Another problem for Democrats, as WaPo notes, is that some groups that oppose the end of Roe — adults under 30, lower-income people — tend to vote at lower rates historically. It’s one thing for the party to ask disaffected regular voters to lay aside their grievances with Biden and turn out as usual this fall for the sake of abortion rights. It’s another for them to convince people who don’t typically turn out that this is the moment to go get registered and cast their ballots. That’s a heavier lift.

On the other hand, national polls on this subject may be only so useful given the state-by-state dynamics of abortion. If you live in California and consider Dobbs a major loss for women’s rights, does it matter much whether you vote or not? Your state government, and probably your House district, will remain on your side whether you turn out or not. But if you live in Kansas, whether the state constitution continues to protect abortion rights or not is a momentous question considering that the state legislature is controlled by Republicans and will likely ban the practice if their side wins the upcoming referendum. It may be, in other words, that the soft national numbers for pro-choice enthusiasm in the WaPo poll are misleading. They may be soft nationally but strong in competitive districts, in which case the GOP has a problem.

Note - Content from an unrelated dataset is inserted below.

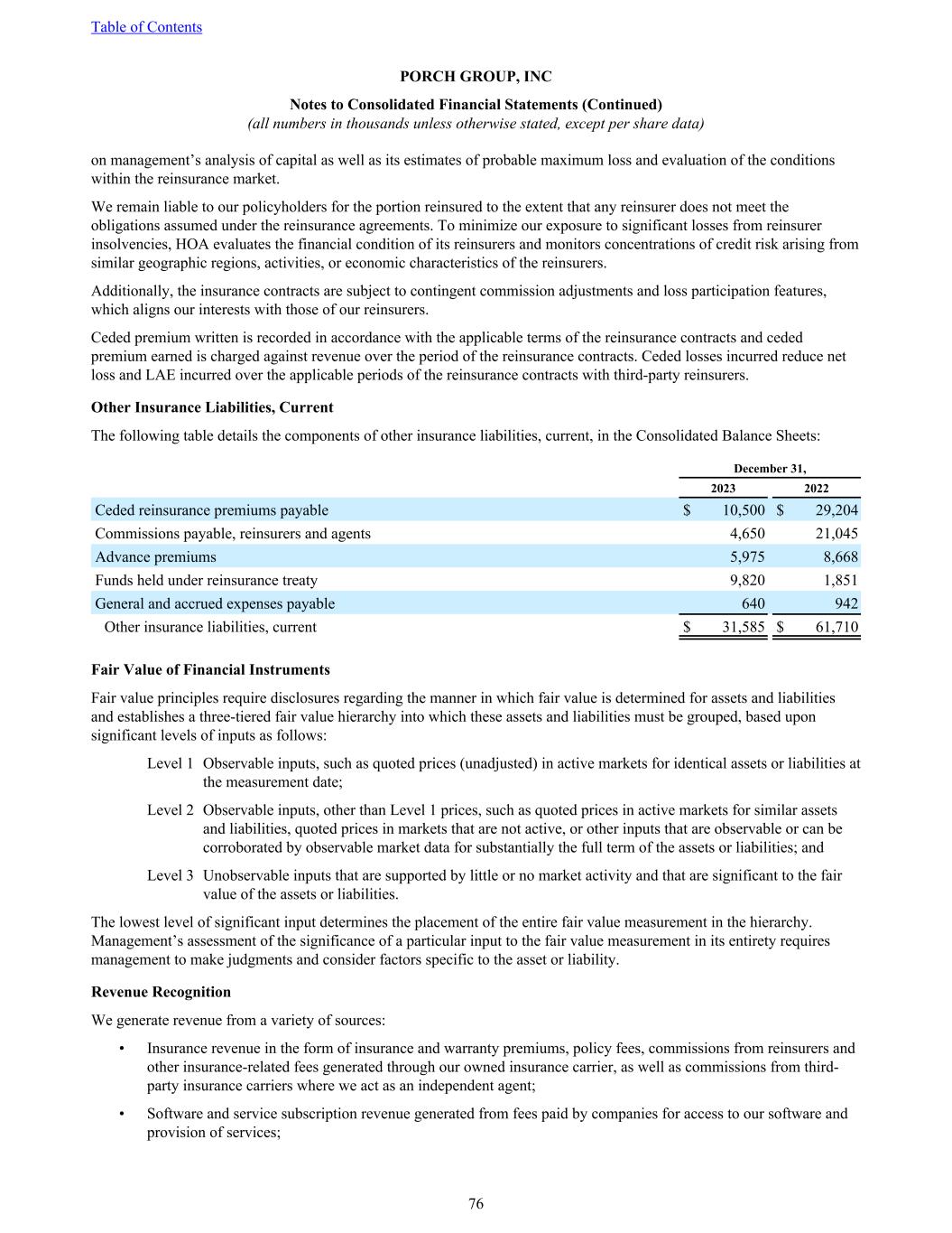 on management’s analysis of capital as well as its estimates of probable maximum loss and evaluation of the conditions within the reinsurance market. We remain liable to our policyholders for the portion reinsured to the extent that any reinsurer does not meet the obligations assumed under the reinsurance agreements. To minimize our exposure to significant losses from reinsurer insolvencies, HOA evaluates the financial condition of its reinsurers and monitors concentrations of credit risk arising from similar geographic regions, activities, or economic characteristics of the reinsurers. Additionally, the insurance contracts are subject to contingent commission adjustments and loss participation features, which aligns our interests with those of our reinsurers. Ceded premium written is recorded in accordance with the applicable terms of the reinsurance contracts and ceded premium earned is charged against revenue over the period of the reinsurance contracts. Ceded losses incurred reduce net loss and LAE incurred over the applicable periods of the reinsurance contracts with third-party reinsurers. Other Insurance Liabilities, Current The following table details the components of other insurance liabilities, current, in the Consolidated Balance Sheets: December 31, 2023 2022 Ceded reinsurance premiums payable $ 10,500 $ 29,204 Commissions payable, reinsurers and agents 4,650 21,045 Advance premiums 5,975 8,668 Funds held under reinsurance treaty 9,820 1,851 General and accrued expenses payable 640 942 Other insurance liabilities, current $ 31,585 $ 61,710 Fair Value of Financial Instruments Fair value principles require disclosures regarding the manner in which fair value is determined for assets and liabilities and establishes a three-tiered fair value hierarchy into which these assets and liabilities must be grouped, based upon significant levels of inputs as follows: Level 1 Observable inputs, such as quoted prices (unadjusted) in active markets for identical assets or liabilities at the measurement date; Level 2 Observable inputs, other than Level 1 prices, such as quoted prices in active markets for similar assets and liabilities, quoted prices in markets that are not active, or other inputs that are observable or can be corroborated by observable market data for substantially the full term of the assets or liabilities; and Level 3 Unobservable inputs that are supported by little or no market activity and that are significant to the fair value of the assets or liabilities. The lowest level of significant input determines the placement of the entire fair value measurement in the hierarchy. Management’s assessment of the significance of a particular input to the fair value measurement in its entirety requires management to make judgments and consider factors specific to the asset or liability. Revenue Recognition We generate revenue from a variety of sources: • Insurance revenue in the form of insurance and warranty premiums, policy fees, commissions from reinsurers and other insurance-related fees generated through our owned insurance carrier, as well as commissions from third- party insurance carriers where we act as an independent agent; • Software and service subscription revenue generated from fees paid by companies for access to our software and provision of services; Table of Contents PORCH GROUP, INC Notes to Consolidated Financial Statements (Continued) (all numbers in thousands unless otherwise stated, except per share data) 76

There’s another complication for righties, namely that public opinion on Dobbs and abortion isn’t necessarily static. It may fluctuate depending upon how Republicans use their newfound authority to regulate the practice. Case in point:

That 81 percent includes 64 percent of Republicans, a warning to GOP legislatures that are looking for ways to deter travel by pregnant women out of state that if there isn’t a backlash to Dobbs yet, they might bring one about if they go too far.

Some Republican pols understand that. Punchbowl published a fascinating item last week about how many GOP women in Congress have already ruled out any sort of federal abortion ban in the future. Cynthia Lummis, Shelley Moore Capito, and Joni Ernst all pointed towards letting the states set abortion policy when asked, and Deb Fischer seemed inclined that way too. If they stick to that, even a big GOP Senate majority in 2025 won’t be able to pass a national ban. Per WaPo, insofar as the public has an appetite for abortion laws to be set by Congress, they want it pointing in the other direction: 58 percent say there should be a federal law permitting abortions before viability, which occurs at around 22-24 weeks.

Here’s one more data point from WaPo capturing a trend that has me scratching my head.

In years past, and as recently as this past April, Americans solidly preferred Democrats to Republicans in setting abortion policy. Yet despite their preference for pro-choice laws in WaPo’s poll, they’re now much less firmly decided: “Neither” has become the biggest vote-getter when people are offered a choice between handing abortion to D’s or R’s. I’m guessing that’s a pure “Dobbs effect,” with voters suddenly forced to grapple with the reality that radicals on both sides will be making the rules going forward instead of the Supreme Court. During the Roe era, the average person could treat a question like this as a simple litmus test on whether they’re pro-choice or pro-life generally, knowing that the Court would continue setting abortion policy instead of legislatures. Post-Dobbs, that’s no longer true. Now when you’re asked which party you want setting policy, you have to weigh the prospect of Democrats making abortion legal throughout pregnancy against Republicans wanting to ban the practice entirely. No wonder there’s a huge “neither” contingent.